Given records —

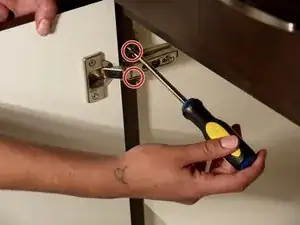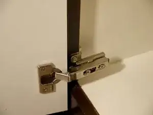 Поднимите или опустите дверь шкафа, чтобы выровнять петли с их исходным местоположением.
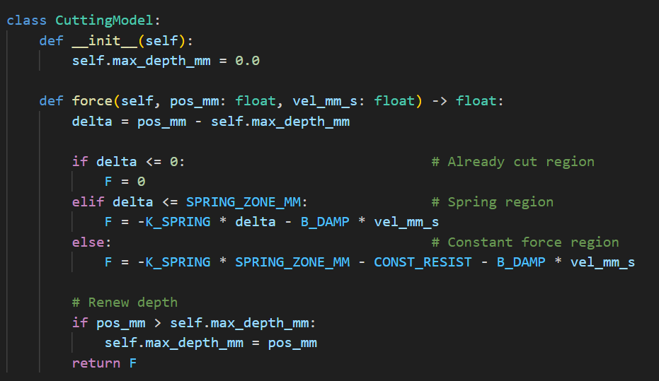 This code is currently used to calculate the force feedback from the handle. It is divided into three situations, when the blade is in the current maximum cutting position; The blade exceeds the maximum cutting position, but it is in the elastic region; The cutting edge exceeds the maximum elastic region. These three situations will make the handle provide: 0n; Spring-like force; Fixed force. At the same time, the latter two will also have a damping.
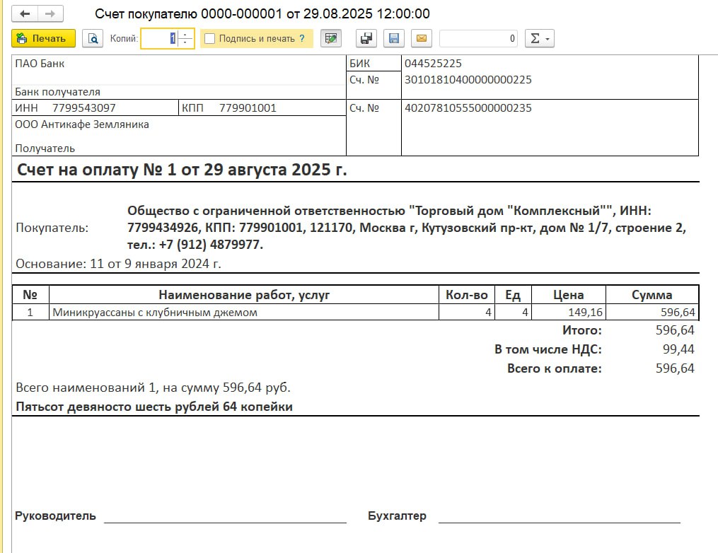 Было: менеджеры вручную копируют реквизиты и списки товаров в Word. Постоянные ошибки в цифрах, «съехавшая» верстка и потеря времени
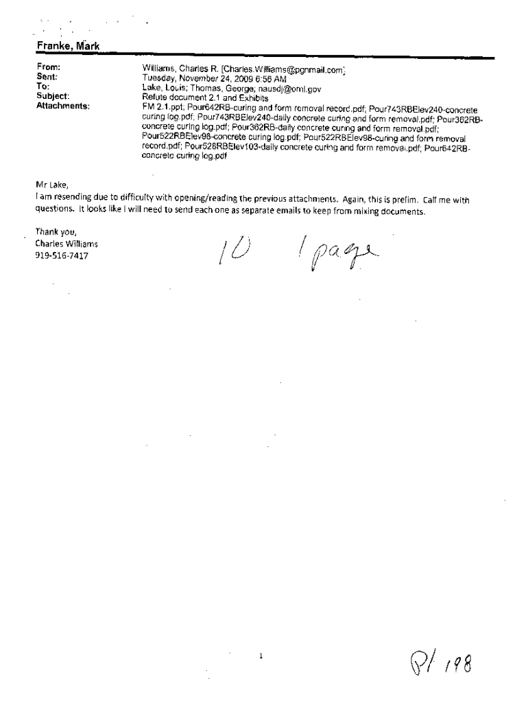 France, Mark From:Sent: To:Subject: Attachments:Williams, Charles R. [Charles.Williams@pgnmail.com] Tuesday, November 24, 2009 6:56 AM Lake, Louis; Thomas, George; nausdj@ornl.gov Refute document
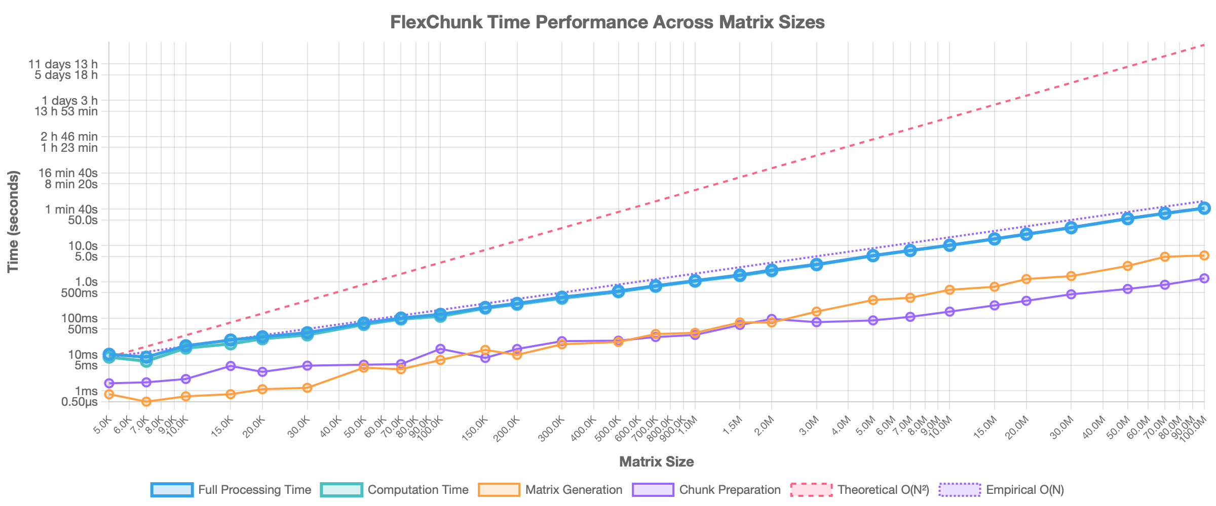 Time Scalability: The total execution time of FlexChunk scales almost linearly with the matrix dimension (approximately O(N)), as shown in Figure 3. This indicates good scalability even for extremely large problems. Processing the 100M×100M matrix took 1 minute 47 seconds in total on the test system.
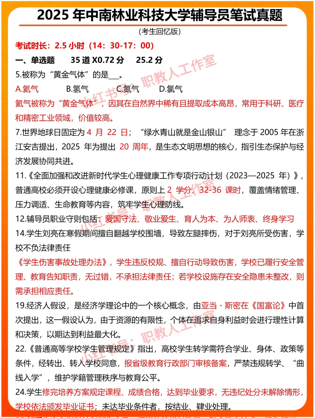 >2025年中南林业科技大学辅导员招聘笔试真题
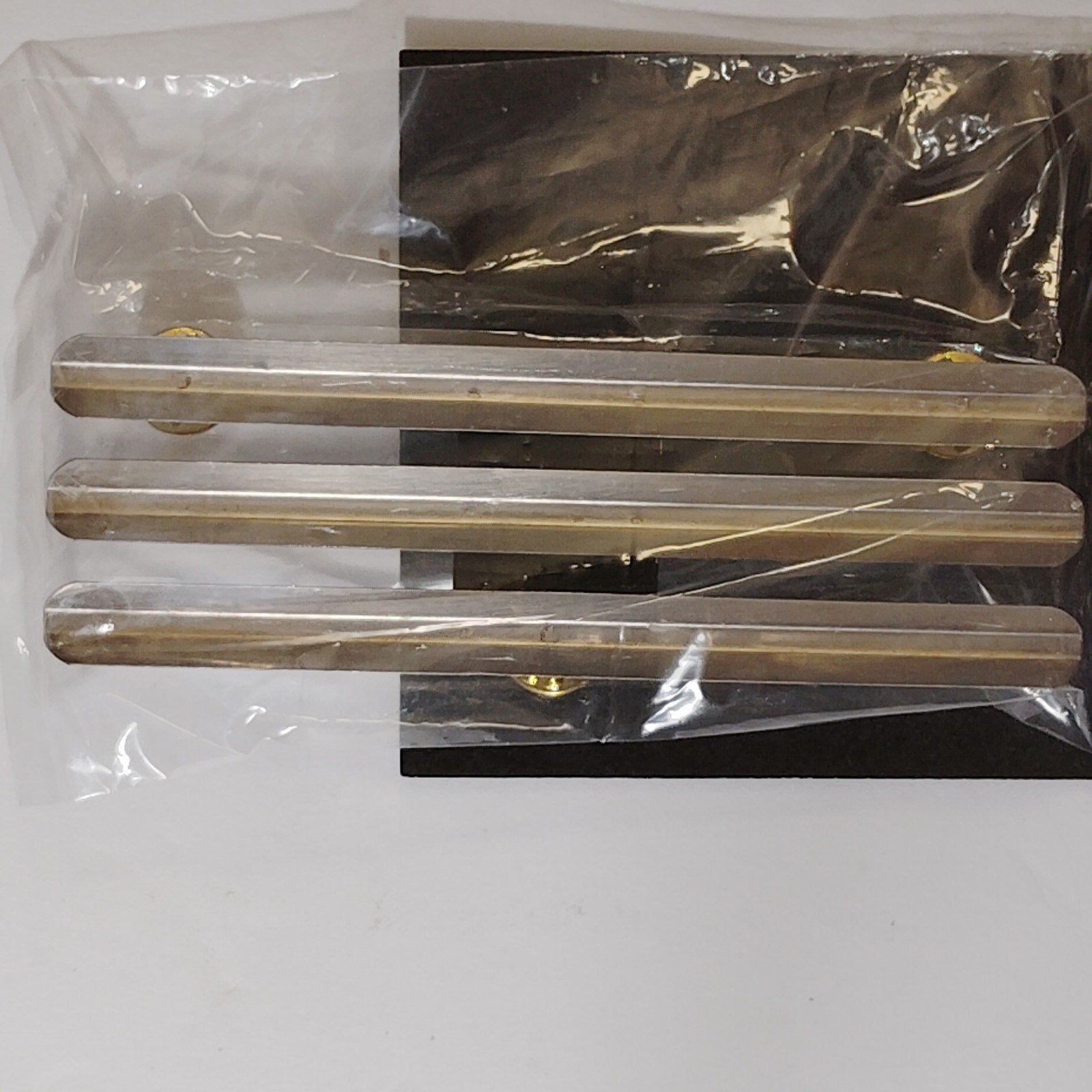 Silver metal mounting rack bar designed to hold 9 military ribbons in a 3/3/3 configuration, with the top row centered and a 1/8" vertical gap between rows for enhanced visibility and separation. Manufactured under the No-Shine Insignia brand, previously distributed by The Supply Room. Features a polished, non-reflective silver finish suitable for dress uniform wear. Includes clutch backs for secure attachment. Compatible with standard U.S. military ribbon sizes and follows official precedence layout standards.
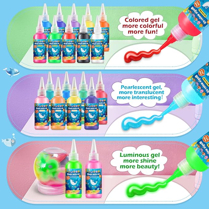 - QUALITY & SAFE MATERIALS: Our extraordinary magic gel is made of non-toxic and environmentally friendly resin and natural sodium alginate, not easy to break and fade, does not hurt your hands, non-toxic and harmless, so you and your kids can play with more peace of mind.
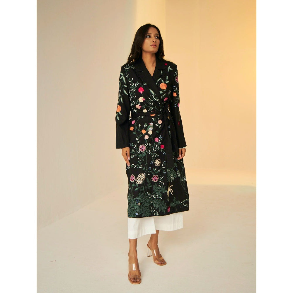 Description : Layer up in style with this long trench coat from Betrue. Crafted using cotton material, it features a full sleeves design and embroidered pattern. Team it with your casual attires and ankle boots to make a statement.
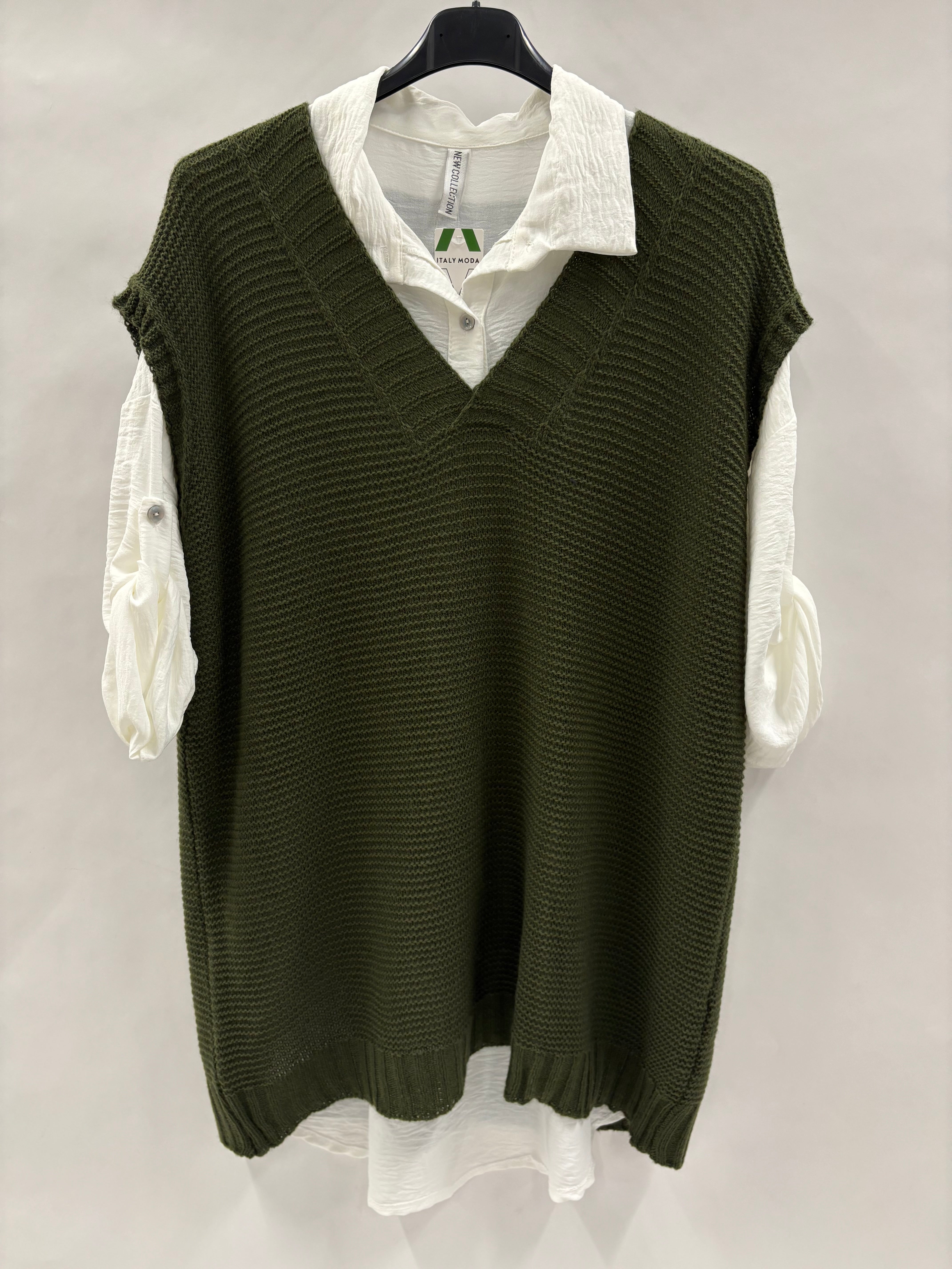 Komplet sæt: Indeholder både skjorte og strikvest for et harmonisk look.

What is needed —
Beginning at the line that contains "Description : Layer" and ending at the last line of the data, return each line exactly; no picture belongs in the copy.

Reply to the task —
 Description : Layer up in style with this long trench coat from Betrue. Crafted using cotton material, it features a full sleeves design and embroidered pattern. Team it with your casual attires and ankle boots to make a statement.
 Komplet sæt: Indeholder både skjorte og strikvest for et harmonisk look.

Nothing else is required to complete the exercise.